LMS is one of many disorders that are associated with specific gene mutations that present with devastating clinical manifestations [6, 7]. Unfortunately, there is no practical or effective intervention that corrects the genetic abnormality, leading to the unsuccessful management of subjects afflicted by these disorders. Gene editing has been proposed to correct mutations in mice and humans [8, 9]. However, gene editing is not readily available for therapeutic intervention, and ethical concerns have been raised regarding genome editing in human embryos [10–12]. A specific tissue could be targeted with vectors with preferential affinity for the tissue affected to replace the mutant DNA with repaired DNA, an approach that also has been challenging [13].
Antisense oligonucleotides (ASO) are a novel and potential therapeutic approach to downregulate wild type and mutant transcripts. ASOs have been successful in the targeting and downregulation of mutant genes in the liver, central and peripheral nervous system and retina [14–20]. ASOs are synthetic single-stranded nucleic acids that by binding to target mRNA by Watson-Crick pairing they cause the degradation of mRNA by RNase H [21, 22]. As such, ASOs are of potential value in conditions where a gain-of-function exists since gene downregulation could correct the functional outcome. Previously, we demonstrated the effectiveness of ASOs targeting either wild type or mutant Notch3 in mice and skeletal cells from mice harboring a Notch3 mutation resulting in a gain-of-function analogous to the one observed in LMS [23, 24].
An attractive application of induced pluripotent stem (iPS) cell technology is that it allows the isolation of patient-derived cells that carry the genetic alterations associated with specific disorders or the creation of stocks of established iPS cell lines harboring specific mutations. iPS cells provide an experimental system not only to study the pathogenesis of the disease but also to devise therapeutic strategies [25]. Although the mutations present in individuals with LMS are in exon 33 of NOTCH3, not every family line harbors the same mutation, and this is often the case with monogenic disorders [4]. Therefore, ASOs targeting each mutation would need to be designed and tested for their effectiveness in downregulating the NOTCH3 mutant transcript. This would require ample supply of cells from afflicted individuals so that ASOs specific to the pathogenic variant can be tested to document efficacy.
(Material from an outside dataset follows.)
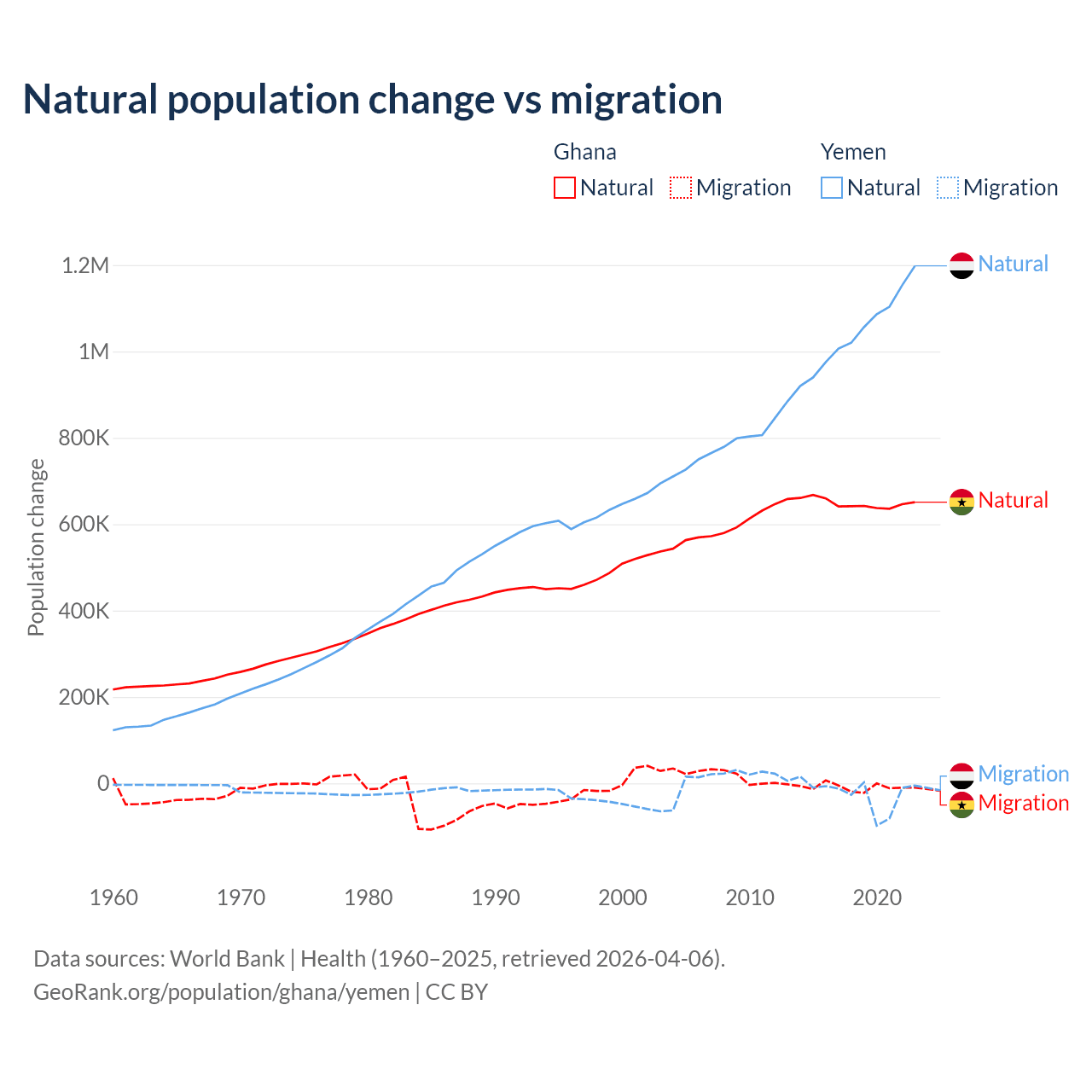 Over the last 10 years, 98.6% of the population change in Ghana is from natural causes (a gain of 6,484,449 people) and 1.37% is from migration (a loss of 90,310 people). In Yemen 97.8% is from natural causes (a gain of 10,460,813 people) and 2.17% is from migration (a loss of 231,814 people).

A practical approach is the establishment of stocks of iPS cells from affected individuals or the introduction of specific mutations in stocks of iPS cells to be tested for ASO effectiveness on mutant transcript downregulation and cellular behavior.
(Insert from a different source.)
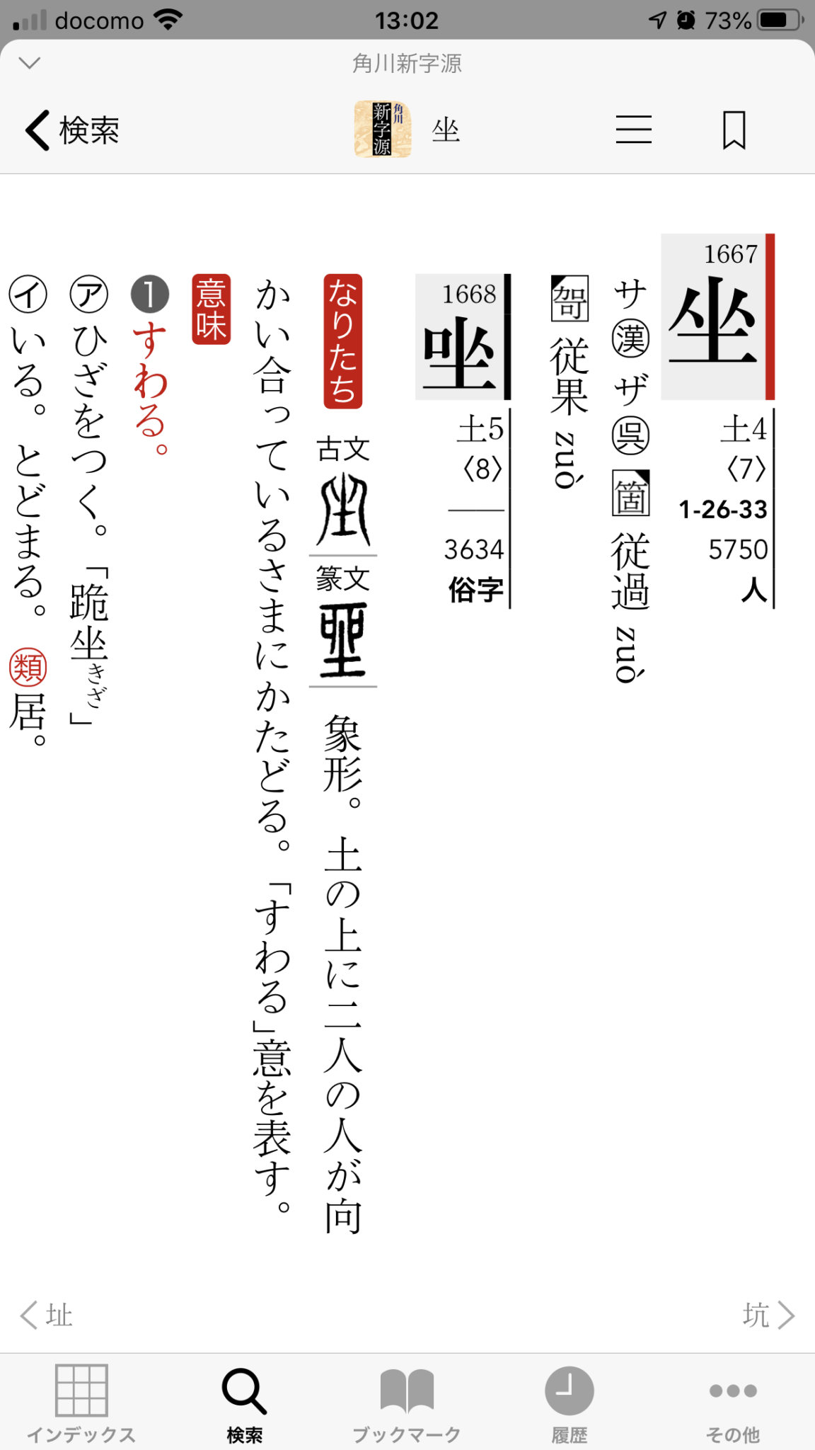 - 坐、座、挫の「土」は「人人」の間を上に貫く。

The intent of the current study was to create and establish iPS cell lines harboring a NOTCH3 pathogenic variant found in LMS and define their cellular behavior and differentiation to the osteogenic lineage. In addition, ASOs targeting either the wild type or NOTCH3 pathogenic variant were tested to determine their effectiveness in downregulating NOTCH3.
Materials and methods
Induced pluripotent stem (iPS) cells
NIH control reference line (NCRM)1 and NCRM5 were generated by the NIH Regenerative Medicine Program and obtained through RUCDR Infinite Biologics (Piscataway, NJ) [26]. NCRM1 and NCRM5 cells are derived from male CD14+ cord blood by episomal integration and are well-characterized pluripotent cells devoid of chromosomal structural aberrations.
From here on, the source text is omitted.